Data items:

┏━━

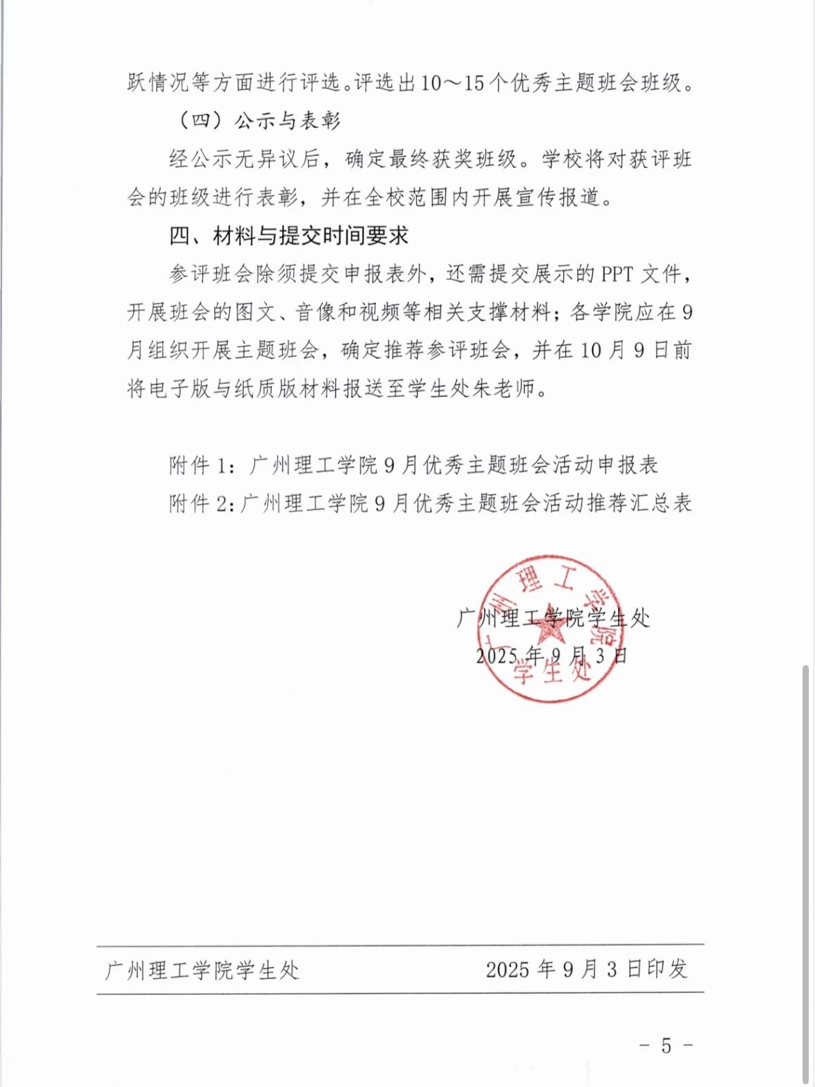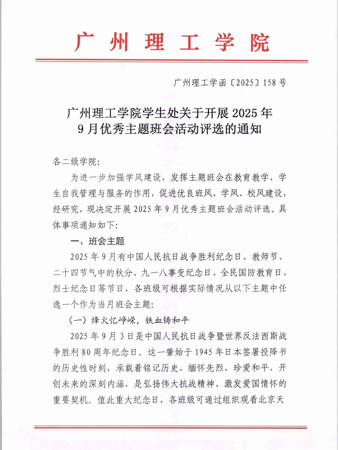 威廉希尔学生处关于开展2025年9月优秀主题班会活动评选的通知
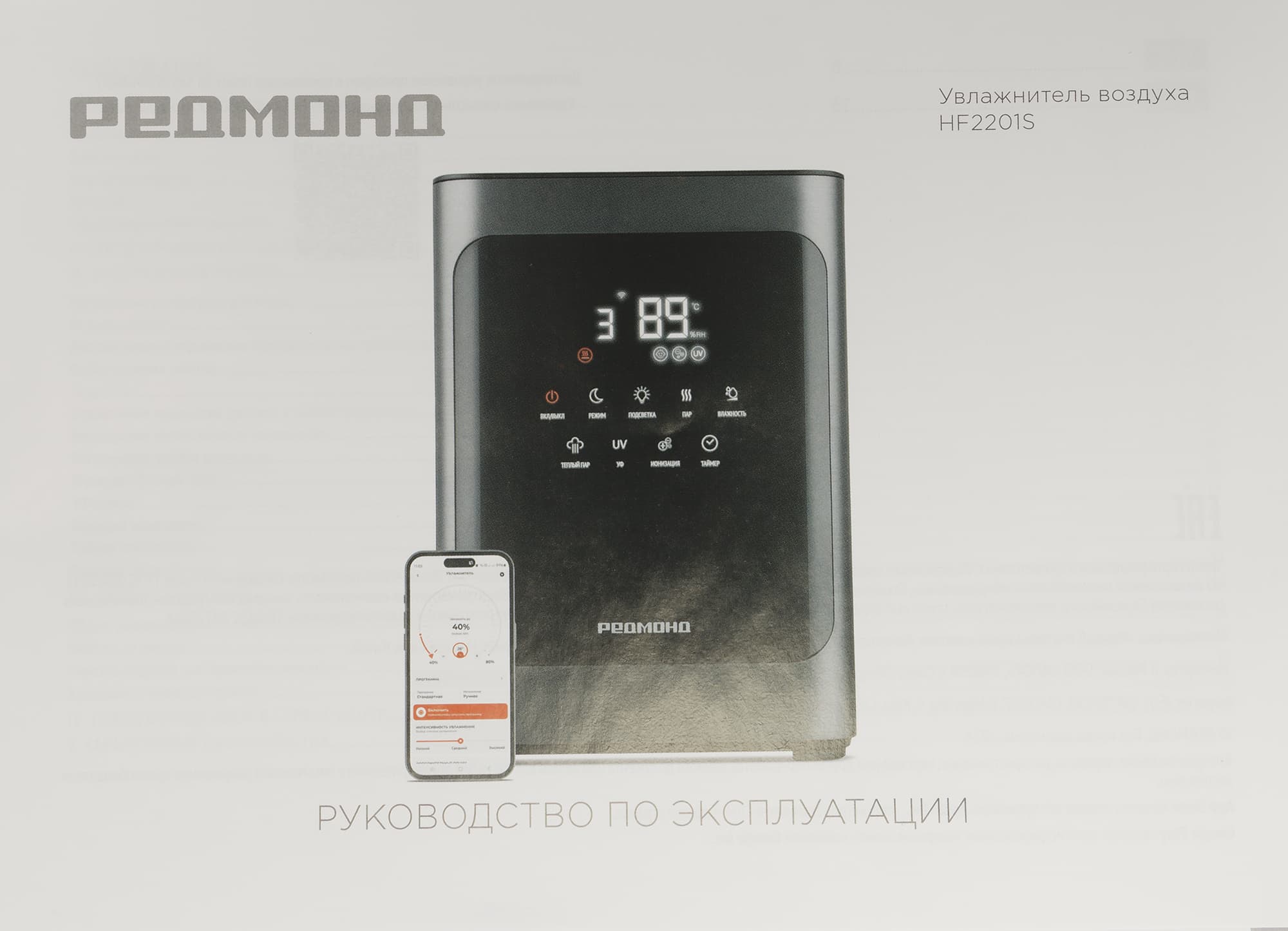 Перед началом эксплуатации Redmond HF2201S следует распаковать, извлечь из рабочей камеры пористую прокладку, фиксирующую поплавок, и удалить с корпуса наклейки (за исключением шильдика с серийным номером и датой выпуска).
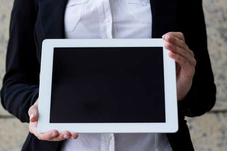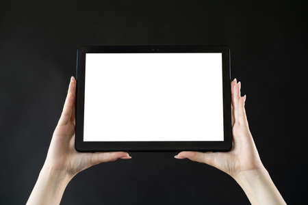 Mobile technology. Digital information. Advertising background. Female hands holding tablet computer with blank white screen isolated black.
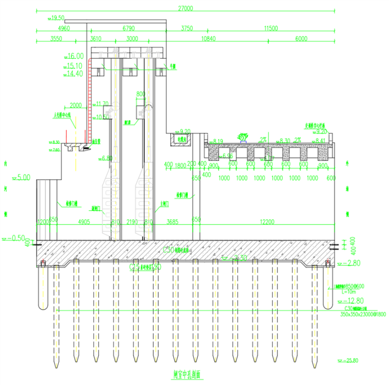 南门港水闸项目此次浇筑的闸室边墩高度11.5m,中墩高度16.5m,胸墙、检修平台、人行桥、电缆沟、牛腿等结构均随墩墙同步一次性浇筑到顶,无水平施工缝。不足2米宽的模板空间内螺杆、钢筋纵横交错,作业面狭小,加上多达30余处的吊模,30多度的高温,给本次浇筑带来了极大的难度。
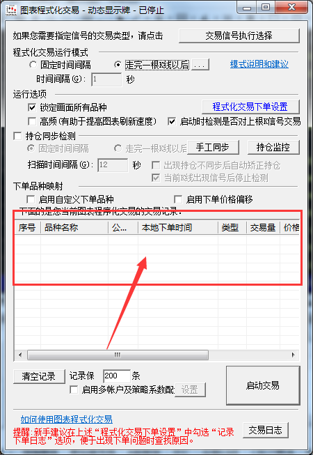 从下单日志中看到下午2点没有触发下单的动作,在图表程序化交易的交易记录中是否触发了这个信号呢。是事后发现没有下单,还是当时有观察有到这个信号而没有下单呢,可能是信号闪烁的原因,当时没有检测到这个信号。
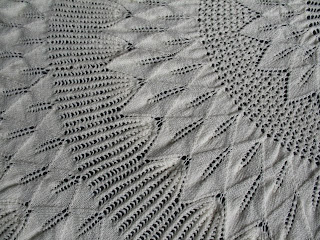 Here is the shawl in all it's glory - laid out on a dark blue sheet. It was knitted in what we know as three ply wool - for those familiar with threads, it is similar in weight to two strands of pearle 5 thread. I knitted it on size 3.25mm needles (size 3 US). For those who are really interested in statistics, I cast off 1,848 stitches...... after six months of knitting.
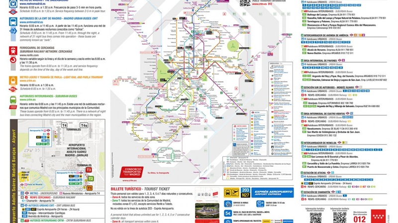Esta nueva edición detalla también los horarios de los intercambiadores e incluye planos esquemáticos de la red de Metro, Cercanías y las terminales del Aeropuerto Adolfo Suárez Madrid Barajas.
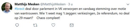 “De chaos is wat mij betreft nu helemaal compleet”, reageert directeur van de VGB Matthijs Mesken. “Het zou allicht het beste zijn als Engeland uitstel kan vragen voor 29 maart. Daarmee is de onzekerheid niet weg, maar is wel tijd gewonnen. Lang niet iedereen heeft zich voorbereid en meer tijd geeft de mogelijkheid ook de achterblijvers en de kleinere bedrijfjes mee te krijgen. Maar hoe dan ook, no deal is voor niemand goed en gaat echt enorme chaos geven.”
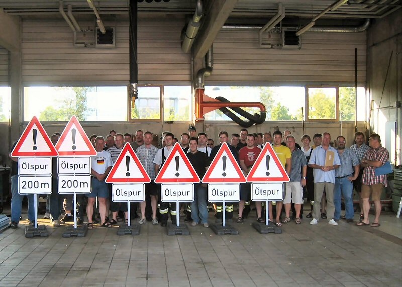 In den letzten Jahren gab es immer wieder rechtliche Probleme im Hinblick auf die Beseitigung von Ölspuren, bzw. wie die Beschilderung nach einem derartigen Einsatz für die Feuerwehren zu erfolgen hat. In einem Gespräch zwischen der Polizei, den Bauhöfen, der Bürgermeister sowie der Kreisbrandinspektion wurde dies nun geklärt. Bei der Besprechung wurde festgestellt, dass die Schilder nicht gemäß der Straßenverkehrsordnung (StVO) aufgestellt wurden und die bisher bei den Feuerwehren vorhandenen Gefahrenschilder nicht mehr verwendet werden dürfen. Das Landratsamt Dachau hat nun als zuständige Straßenverkehrsbehörde gemäß den entsprechenden Paragraphen der StVO im Einvernehmen mit der Polizeiinspektion Dachau, dem Landkreis Dachau und dem Straßenbauamt München als Straßenlastträger eine verkehrsrechtliche Anordnung erlassen – hier wurde nun genau geregelt, wie bei Ölspuren auf der Fahrbahn die betroffenen Straßenbereiche zu beschildern sind. Jede Gemeinde, bzw. Stützpunktfeuerwehr hat nun einen Satz der gültigen Gefahrenschilder als so genannte Erstausstattung erhalten. Die Kommandanten und deren Stellvertreter wurden vom Leiter des Kreisbauhofes, Thomas Singer und von Kreisbrandinspektor Heini Schmalenberg dementsprechend geschult. Die Kosten für die neuen Schilder, die allen Feuerwehren nun zur Verfügung stehen, wurden je zu einem Drittel von den Gemeinden, dem Landkreis und dem Staat übernommen; bei weiteren Beschaffungen von Schildern ist jedoch eine Kostenteilung nicht mehr möglich.

┗━━

With the pictures omitted, print the lines above exactly, beginning at the line with "Перед началом эксплуатации" and going on through the line with "Mobile technology. Digital".

- EXERCISE SOLUTION
 Перед началом эксплуатации Redmond HF2201S следует распаковать, извлечь из рабочей камеры пористую прокладку, фиксирующую поплавок, и удалить с корпуса наклейки (за исключением шильдика с серийным номером и датой выпуска).
 Mobile technology. Digital information. Advertising background. Female hands holding tablet computer with blank white screen isolated black.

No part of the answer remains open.